* **Work request**:
With the pictures set aside, write out all of the data exactly as it stands.

* **Collected material**:
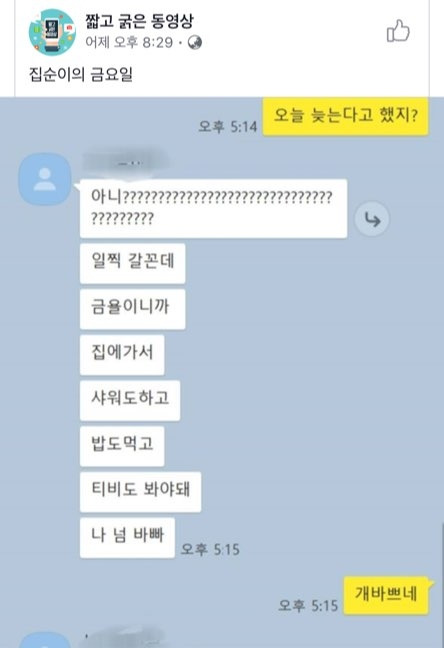 페이스북에서 집순이의 금요일이라는 짤을 참 재밌게 봤는데요. (사실 제가 집돌이 이기도 합니다만..) 집순이에게는 굉장히 바쁠 예정인 금요일 저녁시간이지만, 어떤 친구가 보기엔 '응? 저게 뭐가 바쁘다는 거야?'라는 생각이 들 수 있는 상황입니다.
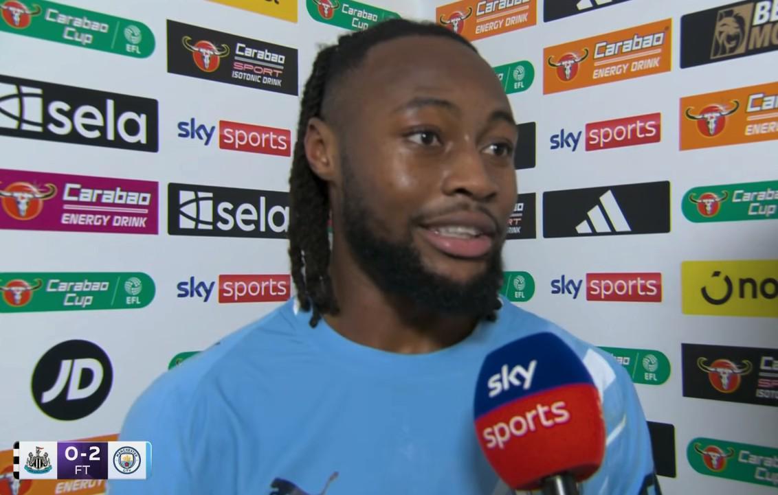 英联杯半决赛首回合,曼城客场2-0击败纽卡,此役打入一球的塞门约赛后接受了天空体育的采访。
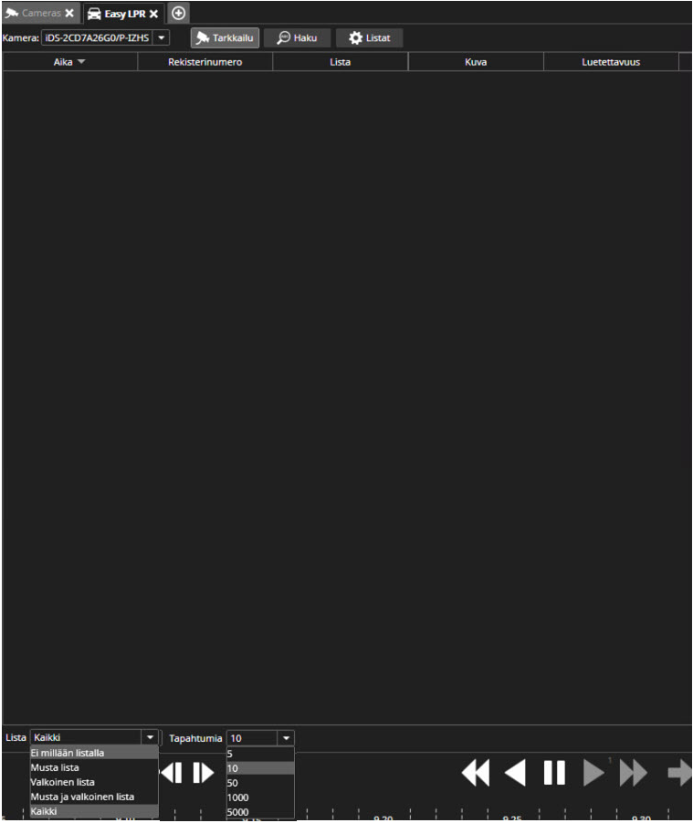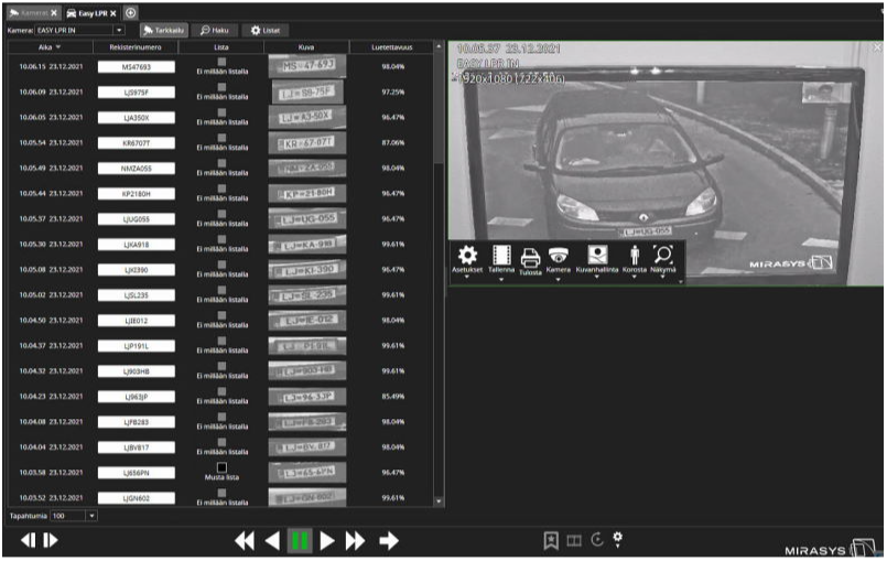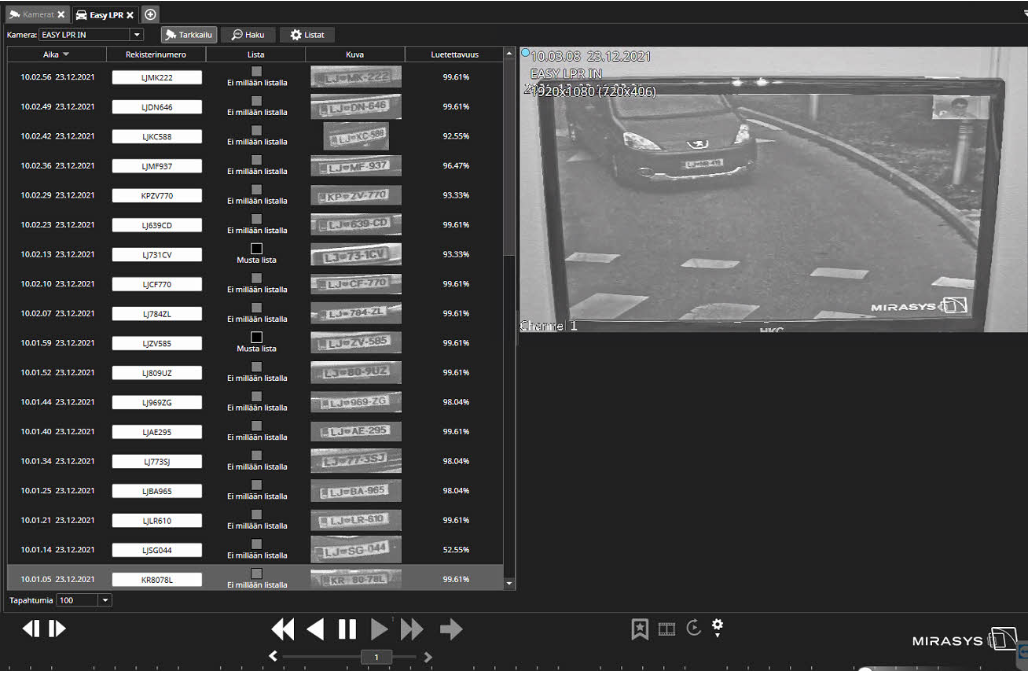 Reaaliaikainen näkymä LPR-kamerasta
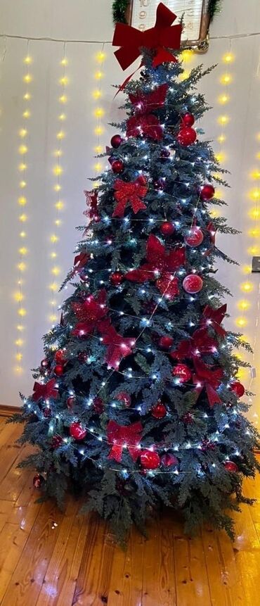 - Qırmızı tematik dekor: müxtəlif ölçülü top oyuncaqlar, parıltılı qırmızı lent və kəpənəklər, ponsetiya çiçəyi dekorları

* **Task answer**:
 페이스북에서 집순이의 금요일이라는 짤을 참 재밌게 봤는데요. (사실 제가 집돌이 이기도 합니다만..) 집순이에게는 굉장히 바쁠 예정인 금요일 저녁시간이지만, 어떤 친구가 보기엔 '응? 저게 뭐가 바쁘다는 거야?'라는 생각이 들 수 있는 상황입니다.
 英联杯半决赛首回合,曼城客场2-0击败纽卡,此役打入一球的塞门约赛后接受了天空体育的采访。
 Reaaliaikainen näkymä LPR-kamerasta
 - Qırmızı tematik dekor: müxtəlif ölçülü top oyuncaqlar, parıltılı qırmızı lent və kəpənəklər, ponsetiya çiçəyi dekorları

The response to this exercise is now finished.